Viewer ratings for this show are not yet available, but viewers who stayed up late on a Monday night to watch this special (broadcast at 10 pm on the East Coast) certainly had many other competing attractions. For example, at the same hour, National Basketball Association's top teams were pitched in important games and The Sopranos was on at the Home Box Office cable channel. The Sopranos is the critically acclaimed serial drama depicting the personal foibles of a fictional mafia family.
Most South Asians have followed the decades old India-Pakistan conflict closely. Some may have even become numbed into accepting the social and financial toll as the subcontinent's inevitable destiny. For Americans, the Kashmir conflict has been a distant noise. Most Americans are not knowledgeable about the history or the depth of the rivalry between the two major South Asian siblings. For Americans, then, The Dark Horizon was an instructive, if dramatic, introduction to a potential disaster begging for world attention.
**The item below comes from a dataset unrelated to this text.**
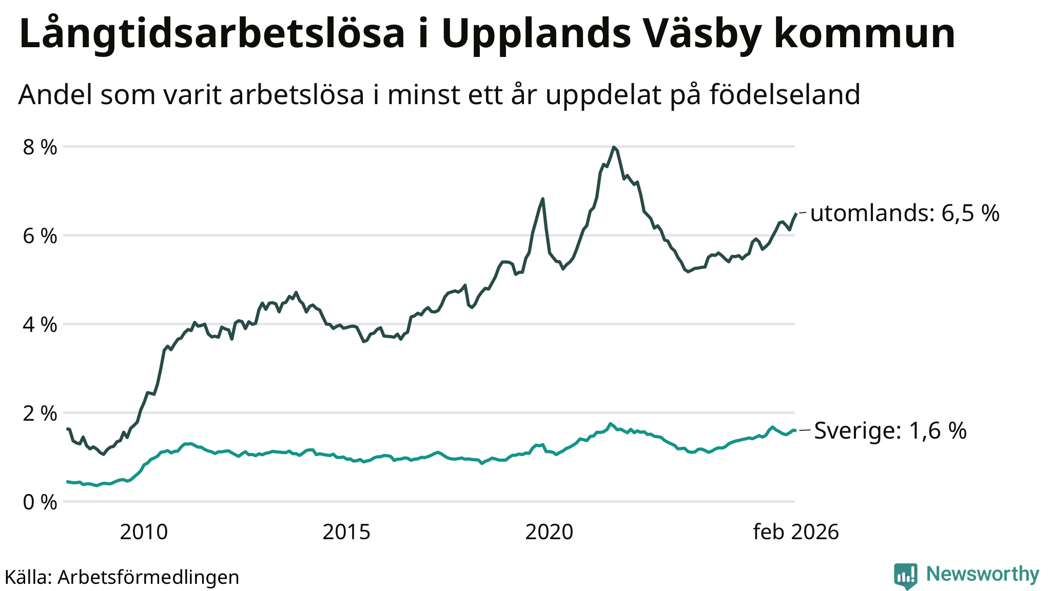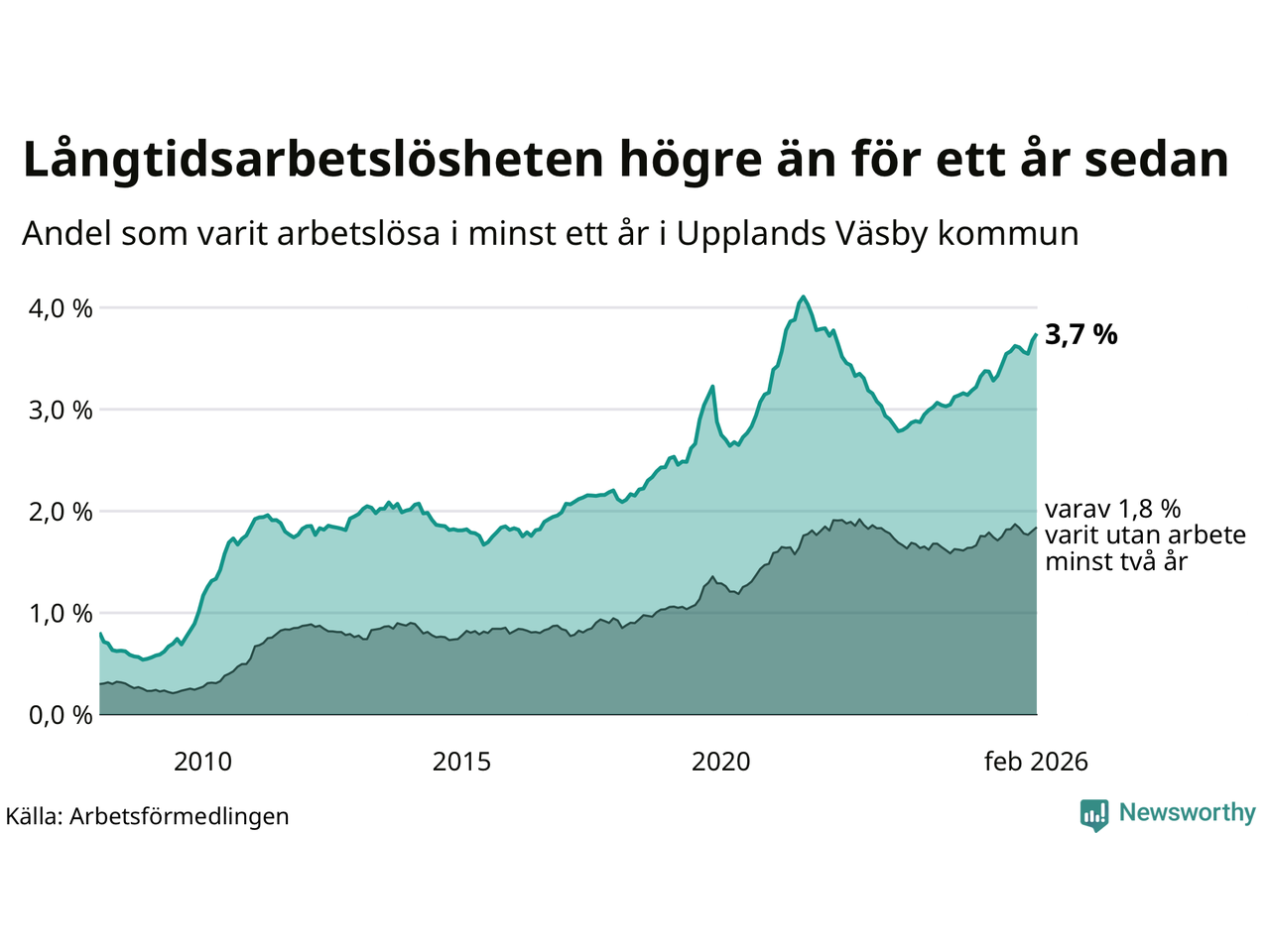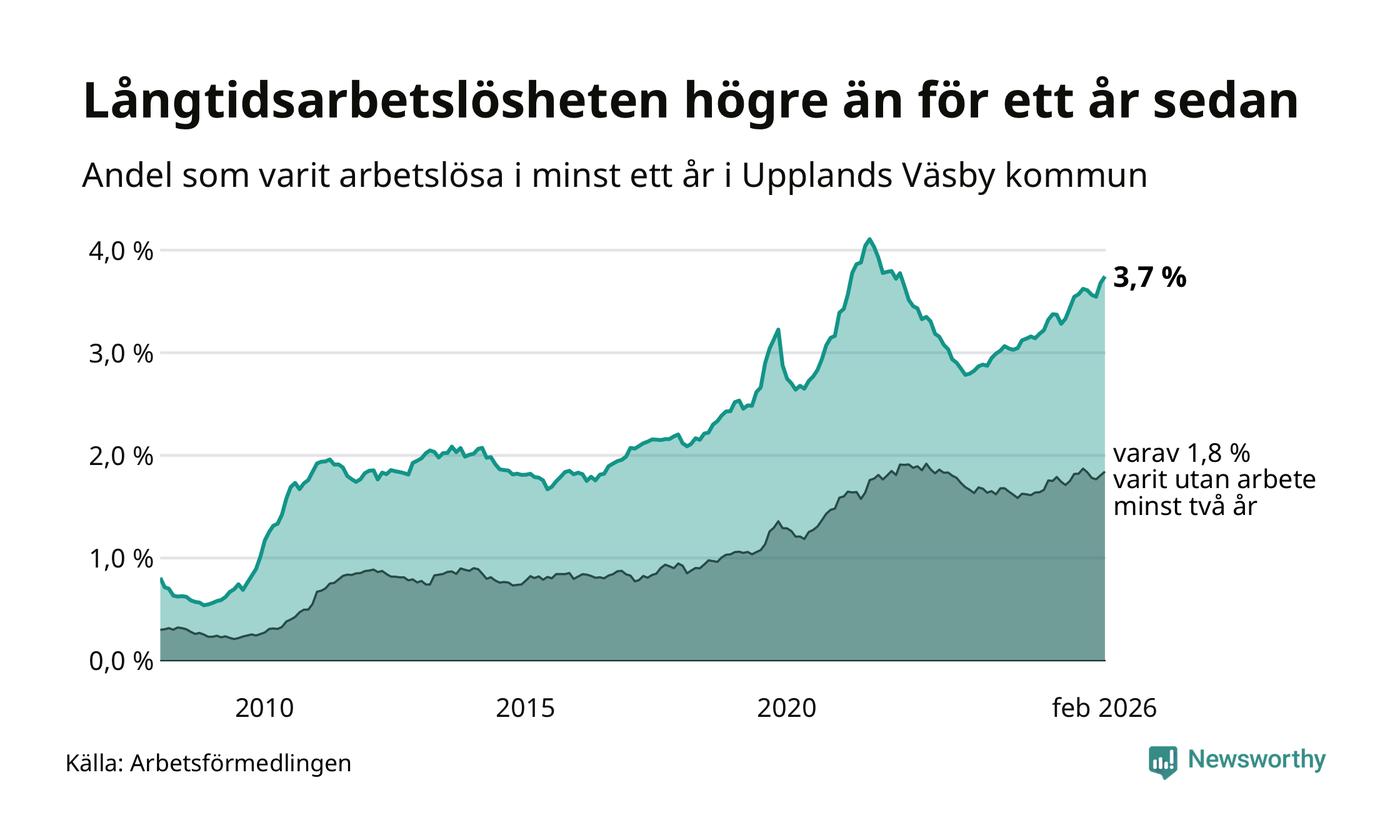 I februari hade 984 Väsbybor varit arbetslösa i minst ett år, vilket är 18 fler än månaden innan. 984 personer motsvarar 3,7 procent av arbetskraften i kommunen – andelen långtidsarbetslösa är 0,3 procentenheter högre än samma månad för ett år sedan.

The most bloodcurdling moment of The Dark Horizon was a single-sentence statement by George Fernandes, the Indian defense minister. No, I'm not referring to his jingoistic "India can beat Pakistan, anytime, anywhere" statement made during the Kargil crisis last year. On this ABC program, Fernandes delivered what seems to be a calculated and covert threat to Pakistan. He was answering a question from Jennings about the possible consequences of a nuclear war. Fernandes appeared extraordinarily cool and precise as he made the following statement: "It's going to be the end for those who, ...shall I say....., fool about with the Bomb."
With statements like these from senior government officials of both Pakistan and India, the ominous title of the ABC special seems justified.
I thought the program had a glaring omission: there was no direct quote from, or interview with, Prime Minister Atal Bihari Vajpayee! I asked Richard Robbins of ABC, who was intimately involved in producing this program for an explanation. Robbins says ABC tried its best to get an interview with the prime minister, but did not succeed. "Perhaps, the prime minister is not comfortable with an interview ..... in English," says Robbins. If the Indian government wanted to orchestrate its views on American television, this would have been a rare chance. Instead, we were left with Foreign Minister Jaswant Singh's platitudes and Fernandes's penchant for controversy.
On the Pakistani side, views alternating between diplomacy and bravado were provided by Ambassador Lodhi and General Quereshi. Pakistanis interviewed for the program made repeated reminders to the American newsman and his audience of America's role in the region. After all, it was America's arming of Afghan freedom fighters that flooded this region with weapons and zealots. Now, is it not fair to expect America to help eradicate the region's brewing anarchy?
America, these days, is distracted by prosperity although numerous crises lurk in various nooks. Kashmir must compete with Kosovo and Chechens must vie with the Taiwanese for the world's lone-ranging superpower's attention.
Americans relate more easily to the history and conflicts in Southeast Asia than those in South Asia. The US has had a far more direct involvement in Philippines, Korea and Taiwan. To enter the Yankee radar screen, India and Pakistan have had to earn the dubious distinction of becoming nuclear powers.
Even now, South Asia remains a mere flicker on the screen. That is why this special program is so timely.
Partisan viewers of The Dark Horizon might quibble with a few details. Early in the program, referring to Kashmiri Muslims, Jennings said they want to be free of a Hindu India and referred to "this struggle for freedom" as the cause of violence. The remark was unqualified, although he later explained the role of Pakistani-backed insurgents in Kashmir and how Kashmir has become a "matter of pride" for both sides.
The program made no mention about possible avenues for peace. Could the growing commercial links between India and the US possibly lead to a better rapprochement between the two democracies? Economic interests often lead to strategic alliances. Could India's own economic self-interest perhaps persuade its people and leaders to see wisdom and seek peace with its neighbor?
Peter Jennings's assessment was grim. He declared, "the situation in this part of the world is pretty bleak." This should make us all sit up and take note.
The program ended on a light note with a clip showing the ritualistic daily military ceremonies at the border gates between India and Pakistan and with Jennings' final statement: "India and Pakistan are family."
Trouble is, families are not always the most harmonious units among human configurations. I don't mean just the Sopranos family. I mean most families.